Create a Personal Expense Tracker with SQLite and Python

Create a Personal Expense Tracker with SQLite and Python

Create a Personal Expense Tracker with SQLite and Python

 

Managing personal finances doesn’t need a fancy web application or integration with a bank API. Sometimes, a simple terminal-based utility can be just as effective—especially when you want full control over your data. In this tutorial, we’ll build a lightweight command-line personal expense tracker using Python and SQLite. This tool will let you add expenses, filter transactions, and generate summaries—all from the terminal.

1. Setting Up the Project and Database

Before diving into the functionality, let’s create the project structure and initialize the database. We’ll use Python’s built-in sqlite3 module, which provides a lightweight, serverless database engine perfect for local applications.

import sqlite3

# Initialize the database and create the expenses table
def initialize_db():
    conn = sqlite3.connect('expenses.db')
    cursor = conn.cursor()
    
    cursor.execute('''
        CREATE TABLE IF NOT EXISTS expenses (
            id INTEGER PRIMARY KEY AUTOINCREMENT,
            amount REAL NOT NULL,
            category TEXT NOT NULL,
            description TEXT,
            date TEXT NOT NULL
        )
    ''')
    
    conn.commit()
    conn.close()

initialize_db()

This function checks if the expenses table exists and creates it if it doesn’t. The date is stored as a TEXT field in ‘YYYY-MM-DD’ format, making it easier to sort and filter chronologically.

2. Adding Expense Entries

Now that we have a table, let’s create a function to add new expenses to the database. Users can input amount, category, description, and date (we’ll default to today’s date if not provided).

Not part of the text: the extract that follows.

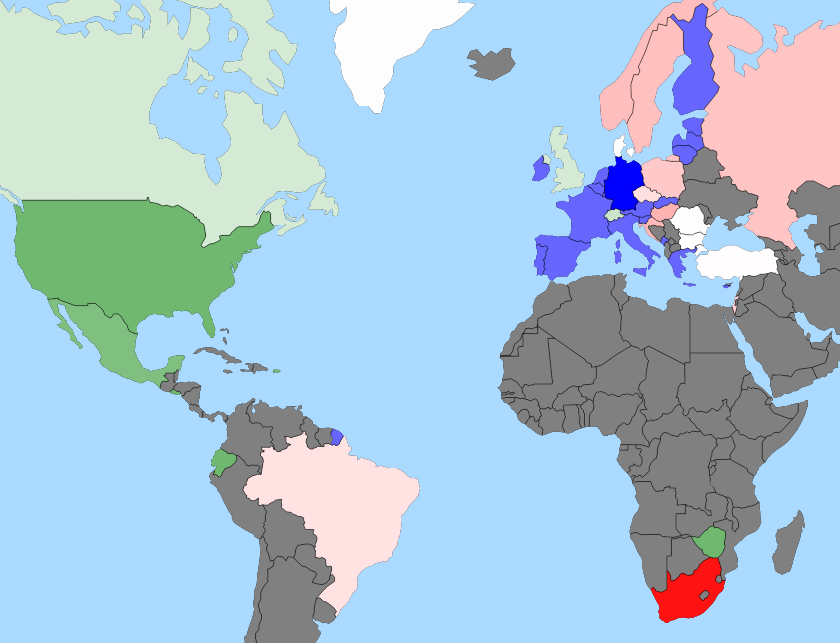 .attr('fill', d => colorScale(country.properties.rates.change)));We now have a coloured map, but there are a few cases which are better coloured differently: the base country, countries which have the same currency as the base country, and countries for which we don’t have data. To do this, we wrap the scale in a method to deal with each case (the template method countryCharacteristic is used to extract the conditionals; this is also used to set informative tooltips on each country):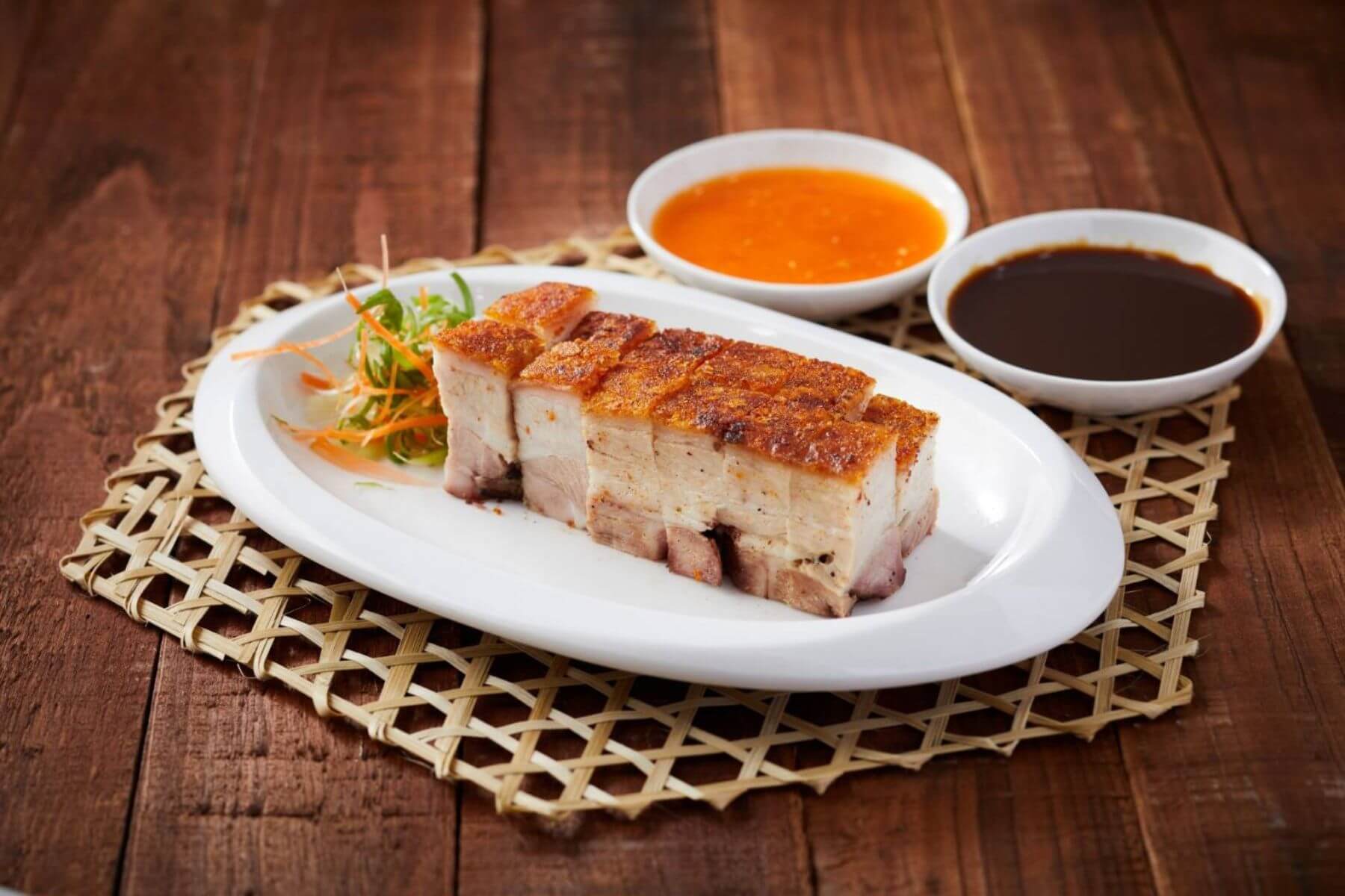 「燒肉」則是老闆池家瑋遠赴大馬,向有30年燒臘經驗的大廚拜師,將豬肉經過五香粉等醃製。豬皮抹油,經過四次轉換在爐桶方位,使其受熱均勻,豬皮蓬鬆酥脆、入口有聲,豬肉肥瘦相間,瘦肉香嫩、肥肉不膩。港澳的廣式脆皮燒豬配醬多搭黃芥末醬。馬來西亞脆皮燒豬佐海南辣醬、梅醬。海南辣醬由新鮮辣椒、薑、蒜、酸柑、醋等調味而成。冰梅醬由酸梅、冰糖熬煮而成,兩者皆有解膩之效。

from datetime import datetime

def add_expense(amount, category, description="", date=None):
    if not date:
        date = datetime.now().strftime('%Y-%m-%d')
        
    conn = sqlite3.connect("expenses.db")
    cursor = conn.cursor()
    
    cursor.execute('''
        INSERT INTO expenses (amount, category, description, date)
        VALUES (?, ?, ?, ?)
    ''', (amount, category, description, date))

    conn.commit()
    conn.close()

# Example usage
add_expense(29.99, 'Food', 'Lunch at cafe')

This insertion uses parameterized queries to prevent SQL injection (even though it’s local, it’s still a good habit). You can use this function in an interactive CLI wrapper later for user input.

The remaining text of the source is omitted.